### Aim of the exercise
An exact copy of all the lines below is required, with every image left out.

### Data below
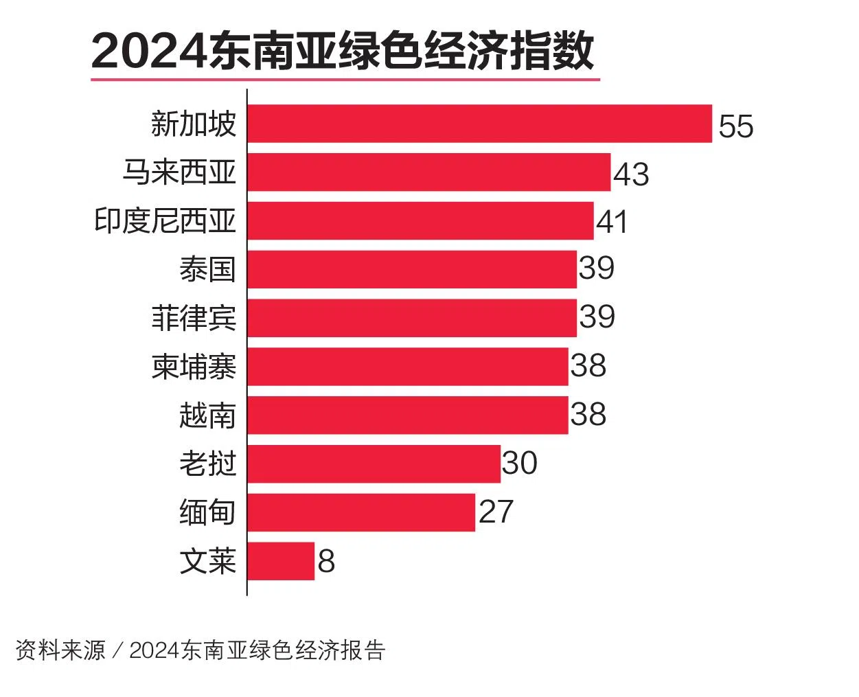 新加坡在首次公布的东南亚绿色经济指数排名中居冠。但报告也指出,东南亚各国目前仅完成实现2030减排目标所需绿色投资额的1.5%,未来发展压力和潜力皆巨大。
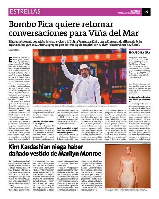 19Bombo Fica quiere retomar conversaciones para Viña del Mar Pág. 19
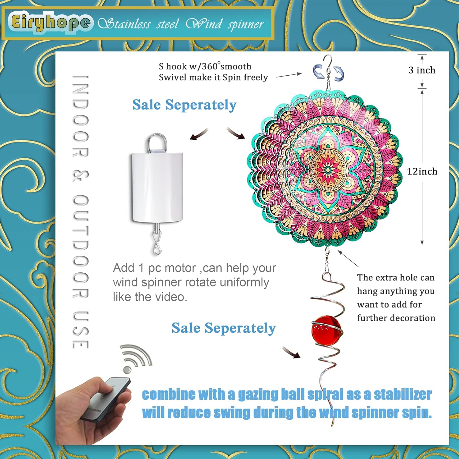 Mandala Manjusaka Wind Spinner - 12″ Stainless Steel Hanging Sculptures | 3D Kinetic Laser Cut Metal Art Decoration for Yard/Garden/Indoor, Creative Decor Gift
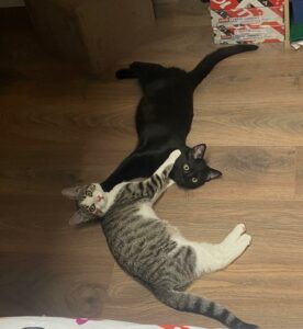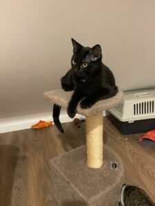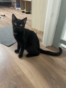 C’est un grand chaton très gentil, plus timide que sa sœur, on évitera les jeunes enfants mais OK grands ados respectueux.

### Result of the exercise
 新加坡在首次公布的东南亚绿色经济指数排名中居冠。但报告也指出,东南亚各国目前仅完成实现2030减排目标所需绿色投资额的1.5%,未来发展压力和潜力皆巨大。
 19Bombo Fica quiere retomar conversaciones para Viña del Mar Pág. 19
 Mandala Manjusaka Wind Spinner - 12″ Stainless Steel Hanging Sculptures | 3D Kinetic Laser Cut Metal Art Decoration for Yard/Garden/Indoor, Creative Decor Gift
 C’est un grand chaton très gentil, plus timide que sa sœur, on évitera les jeunes enfants mais OK grands ados respectueux.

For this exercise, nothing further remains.